The numbers of animals used are described in the corresponding figure legends. Sample size was chosen empirically based on our previous experience in the calculation of experimental variability. All experiments were carried out with at least three biological replicates. Experimental groups were balanced in terms of animal age, sex, and weight. Animals were caged together and treated in the same way. No randomization was used to allocate animals to experimental groups, and investigators were not blinded to the group allocation during experiments or outcome assessments.

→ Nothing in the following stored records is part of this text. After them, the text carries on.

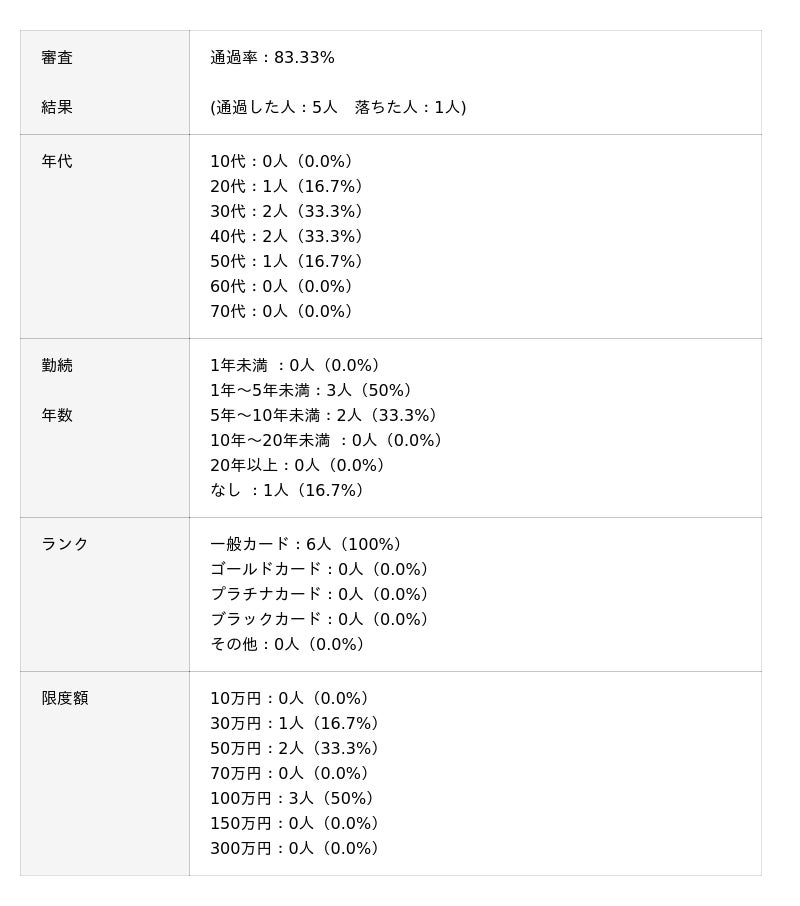 その他の方は限度額が100万円と比較的に高いものの勤続年数が長いことから審査に通過している傾向が見られました。
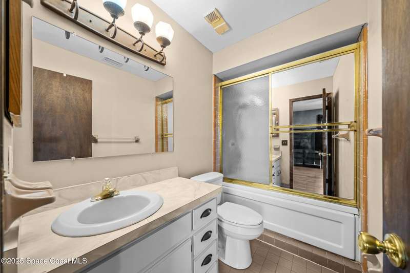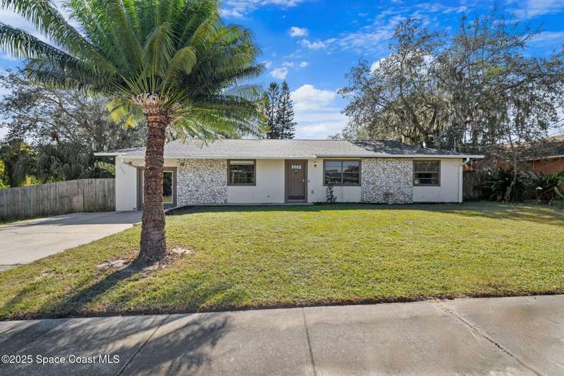 Dive into Florida living with this spacious Port St John pool home on a fenced .26-acre CORNER LOT! Enjoy a SCREENED POOL with tranquil waterfall feature, RESURFACED in 2023 ($10k), plus plenty of patio space for lounging and entertaining friends. Big-ticket items are already done: SEPTIC SYSTEM REPLACED IN 2020 and NEW ROOF and GUTTERS IN 2022, plus the peace of mind of CITY WATER. Inside, you'll find 4 bedrooms PLUS a 20 ft x 13 ft bonus room, a main living room PLUS a 2nd large living room/den-perfect for a home office or flex space. Easy-care flooring throughout and NO CARPET. Brand new vinyl flooring in the primary bedroom. Wood look tile throughout the kitchen, dining, 2nd living area and 4th bedroom. Flooring replaced throughout the living room and other bedrooms within the last 5 years. The backyard offers room to roam, with 2 outdoor storage sheds for tools, toys, or hobbies. Over 2,100 sq ft-move in and start enjoying that Florida lifestyle!
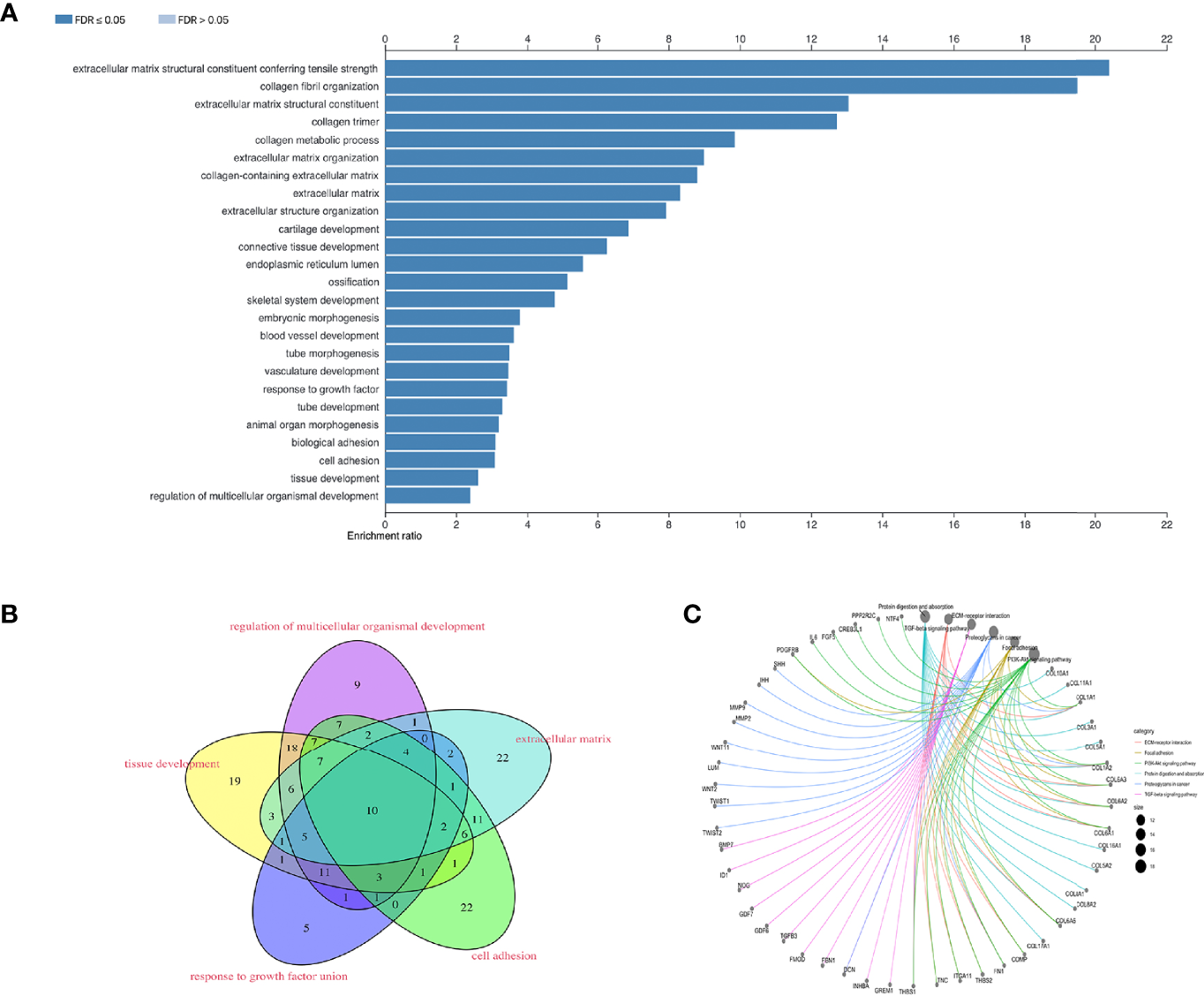 To screen for functionally enriched gene signatures associated with BCa invasion, progression, metastasis and poor prognosis. (A) The 395 co-expressed DE-mRNA enriched GO terms are mainly (FDR < 0.05) collagen fiber organization, extracellular matrix organization, vascular development, response to growth factors, bioadhesion, and tissue development. (B) Enrichment of biological processes such as extracellular matrix, tissue development, response to growth factors, cell adhesion and developmental regulation of multicellular organisms. (C) KEGG analysis of 395 co-expressed DE-genes.
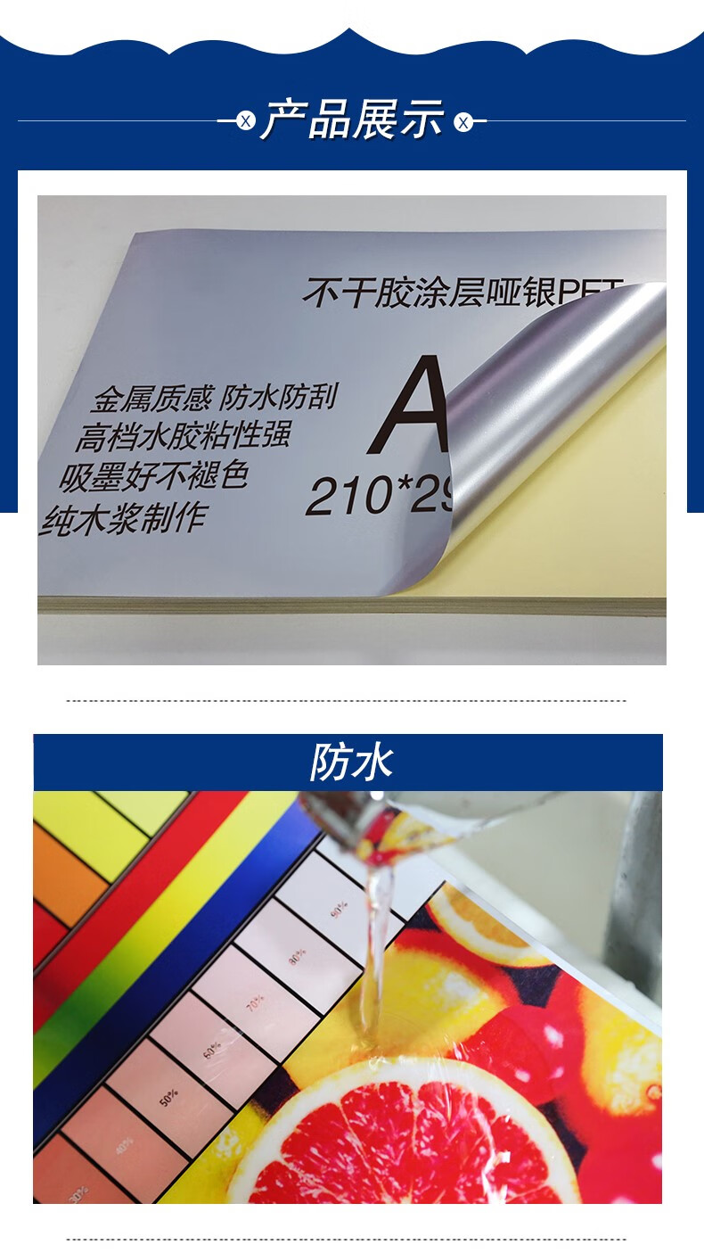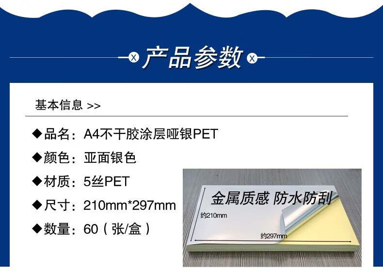Customized A4 coated matte silver self-adhesive self-adhesive silver matte silver PET waterproof laser label sticker with adhesive backing A4 matte silver laser PET 5 silk water glue 60 sheets
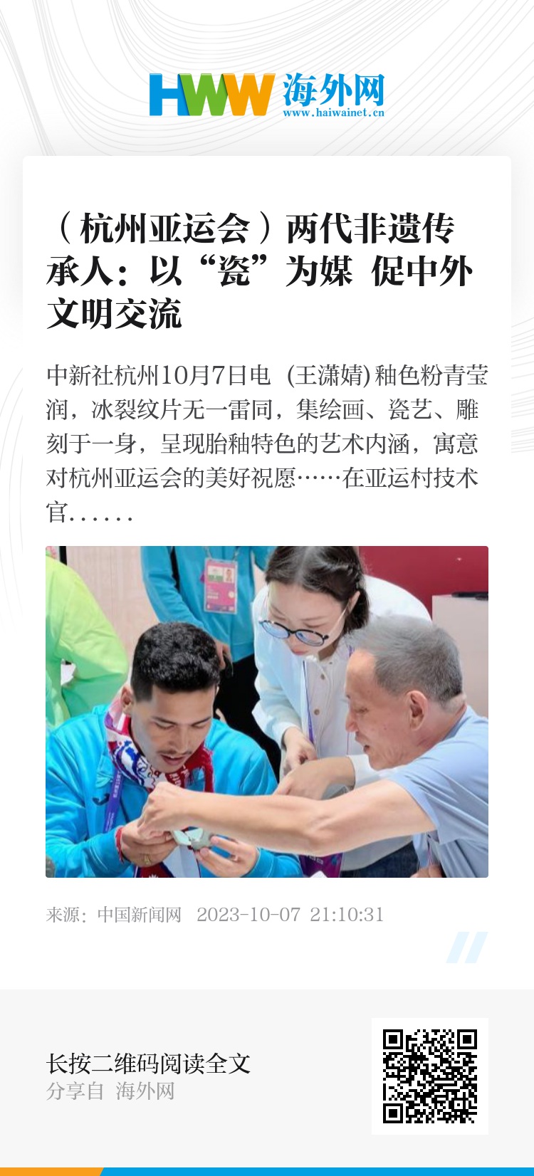 文明的交流,活动是最好的载体。素坯彩绘、碎瓷拼贴、瓷器修复……杭州亚运会期间,来自八方的中外友人,通过观展和沉浸式体验,亲手制作各具特色的瓷艺作品,“零距离”感受中华文化的博大精深和诗画浙江的人文底蕴。
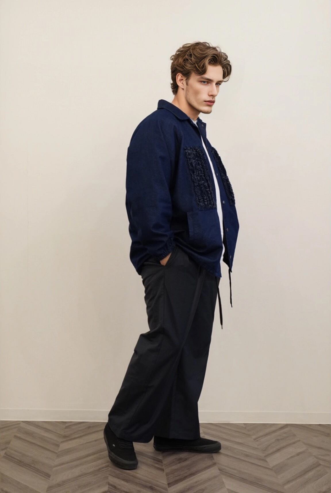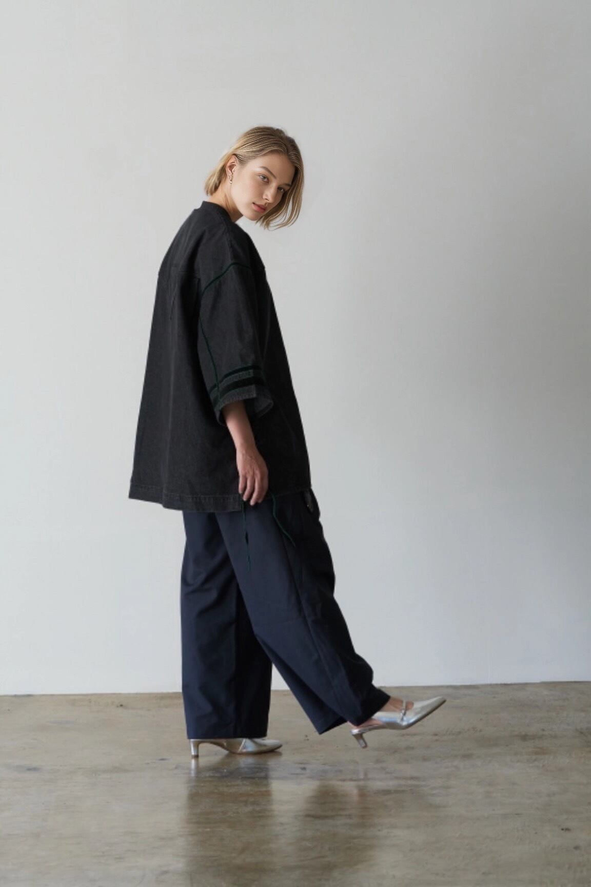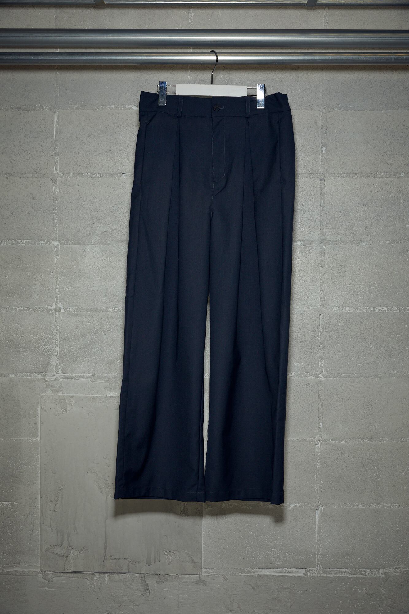 ウエストのタックは左右に広がるインバーテッドプリーツを採用し、特徴的なパンツに仕上げました。ウエスト、渡り、膝、裾にかけて絶妙なバランスに設定し、綺麗なAラインを作れるシルエットにこだわりました。

GraphPad Prism software 9.4.1. was used for the analysis. Data normality was assessed by the Shapiro-Wilk test, and appropriate tests were chosen according to data distribution. Variance was comparable between groups throughout the manuscript. Differences were analyzed by one-way or two-way analysis of variance (ANOVA) with Bonferroni post-test, Student t test, multiple t-test with Holm-Sidak method, Mann–Whitney test, or Mantel-Cox test, as appropriate. Differences were considered significant at p < 0.05.